Thursday, May 28, 2009

on what i want from an elevator

Usually one's hotel room number consists of 3-4 digits. The last two are insignificant, it's the first one or two that determines how valued or lucky you are. I'm not quite sure why. The higher floor you are on, the more time it takes to get there and away. Which is where the elevator comes in. At the moment I'm on the 25th floor at the Hilton Tokyo and the elevator knows just what to do. The doors close with assured precision rather than an awkward or bouncy clumping sound, and the lift accelerates subtly to a significant speed and decelerates just as unassumingly. The overall impression is that I'm there faster than expected, and with no unnecessary fanfare. And the view is quite nice.

Tuesday, May 26, 2009

on not letting the story get in the way

As a wary and ever-vigilant traveller in this time of swine fever, I was of course attracted to the headline in a local Malaysian paper today: "226 suspected cases of H1N1 nationwide." It wasn't until the 2nd paragraph that the journalist reported the fact that 224 of these cases were found to be not infected. That left two positive cases (known previously), who had already been declared free of the virus. Meaning that there are zero cases in Malaysia at the moment. Which to me opens up a whole new field of possibilities for employing the word "suspected" without being constrained by any evidence to the contrary. Newsflash: "leery traveller" blogger suspected of being witty, wealthy.

the upgrade roller-coaster

The dizzying highs, the terrifying lows. As far as flying goes, I've been upgraded to business class once (many years ago) and once to premium economy (the existence of which has made the business class upgrade an even more elusive possibility). Of course the upgrade makes the subsequent flight measurably more miserable, and the temptation to spend points on an upgrade ever more appealing. Just today Qantas sent me an email offering that I could upgrade my upcoming Sydney to New York flight, despite the fact that "your seat booking class is usually not eligible for upgrade." I'm honestly surprised they're prepared to tolerate my sort in premium economy. Presumably they'd sanitise me somehow first.

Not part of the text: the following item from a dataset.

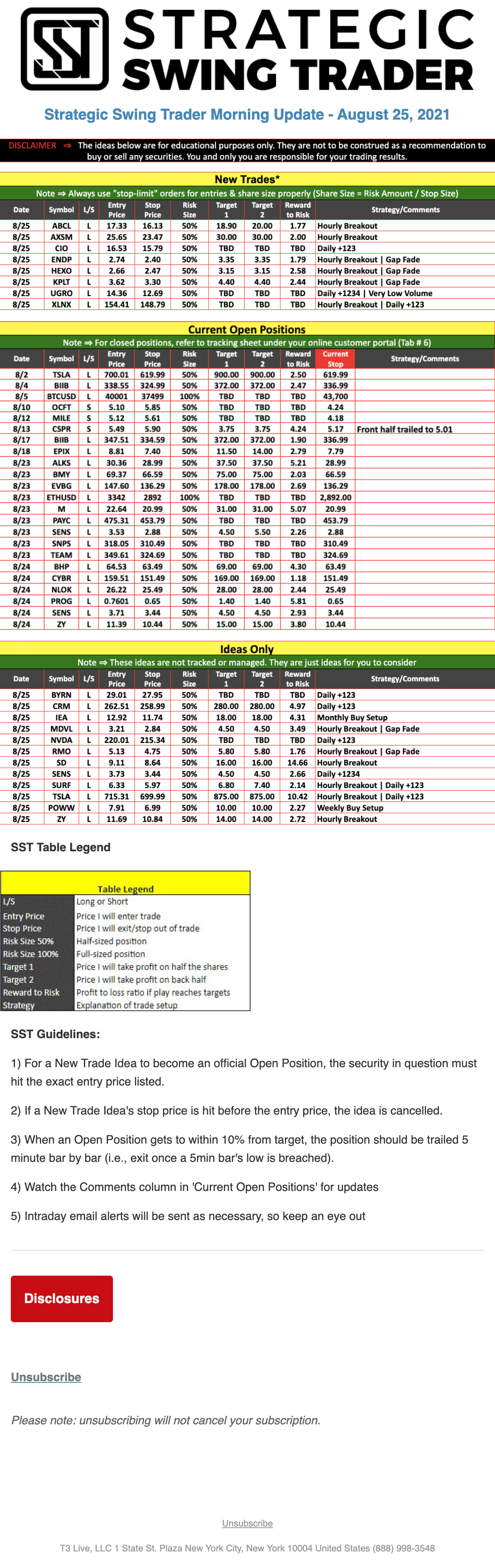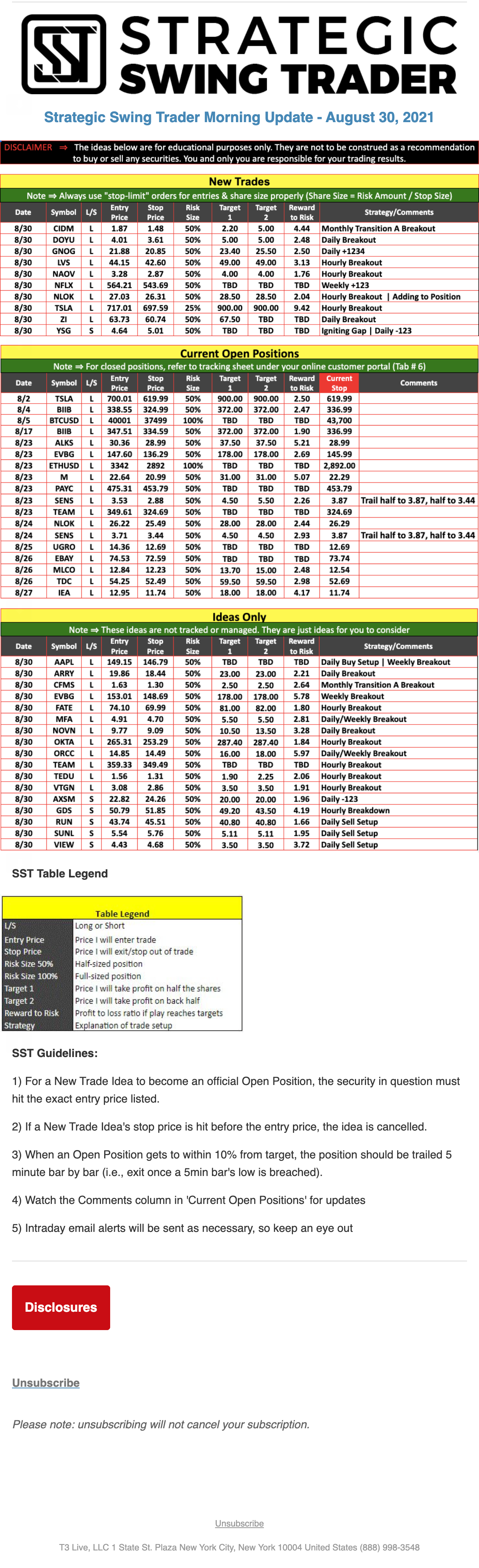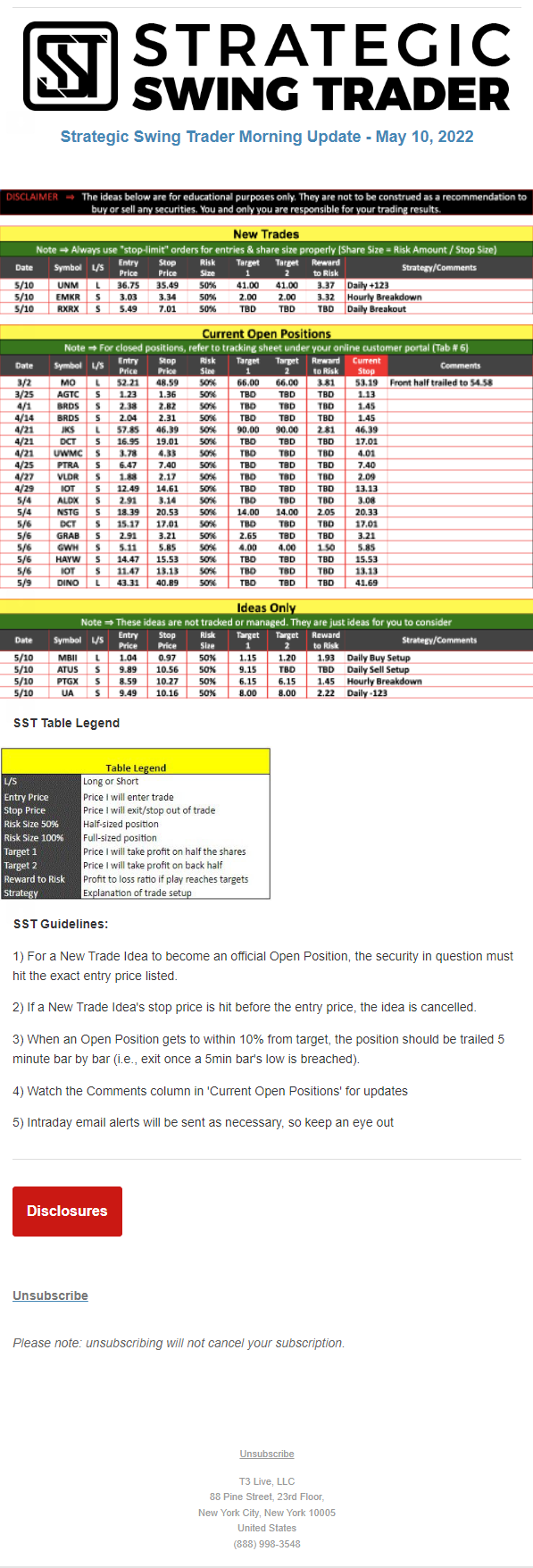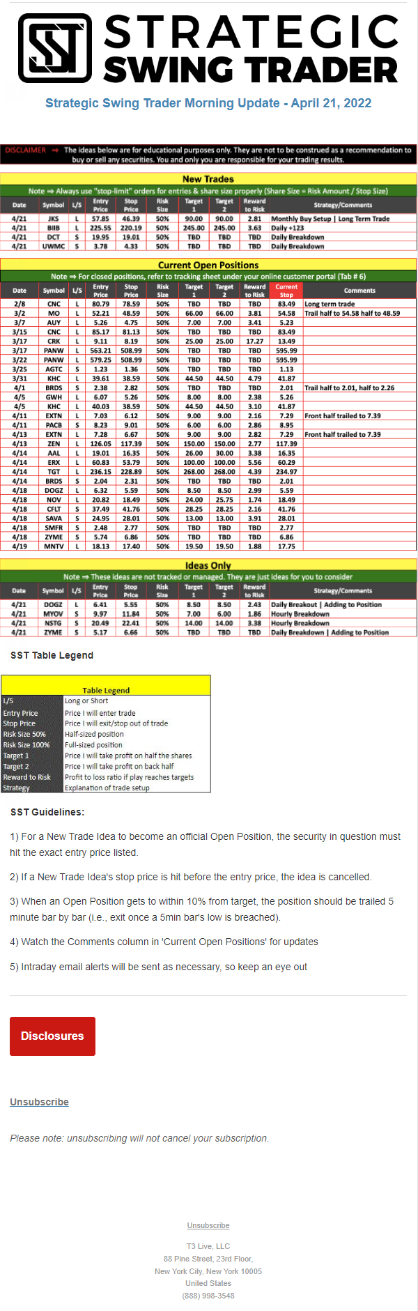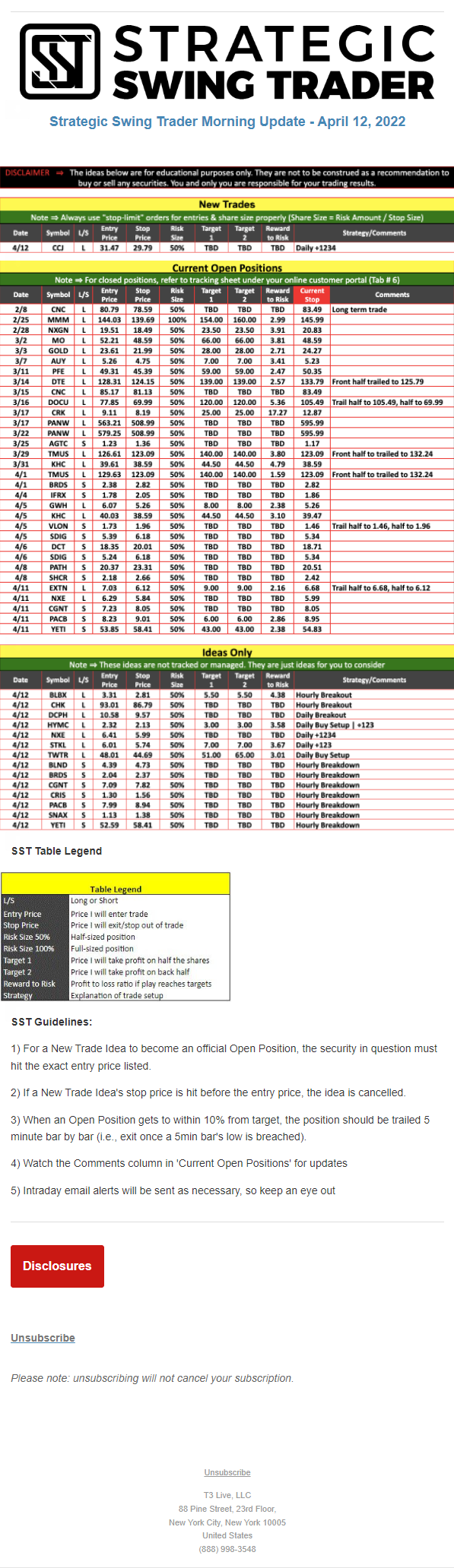 The programs that T3 Live distributes (including the “Virtual Trading Floor®,” articles, commentary, videos, blogs and social media postings) are for informational and educational purposes only. No one should consider the information disseminated by T3 Live to be personalized investment advice, a recommendation to buy, sell or hold any investment, an offer (or a solicitation of an offer) to buy or sell any investment, or the provision of any other kind of advice that would require T3 Live to register as a broker-dealer, investment adviser or similar entity. No one associated with T3 Live is authorized to make any representation to the contrary.

In terms of hotels, the best upgrade I've had was to the Royal Suite at the Radisson in Santiago, Chile. Of course, it was hard to make full use of the separate dining room, as I checked in at 2am, and had to check out 7 hours later. When I had two nights there a few days later I was back to a regular room with an eternally blocked toilet and a relationship with the hotel plumber forged in adversity. 

Tonight I checked in to Le Meridien Kota Kinabalu (infamous on a previous trip for a colleague finding a cooked cockroach in their breakfast) for one night and have been upgraded to a suite (shown here). Although I only have a few hours in the room, I've so far managed to eat dinner at the dining table, rest on the sofa in front of the lounge room TV, post to this blog from the work desk, hang a pair of pants in the walk-in-wardrobe, snaffle a complimentary copy of Newsweek for tomorrow's flight, and will spend some time reclining languorously on the chaise longue before taking to the bed. It's all about making hay while the sun shines, and resisting the nagging feeling that this should be the natural order.

Monday, May 18, 2009

simple things

Why does one never remember to unwrap the bathroom soap before one's hands are too wet or gooey with hair product to easily do so?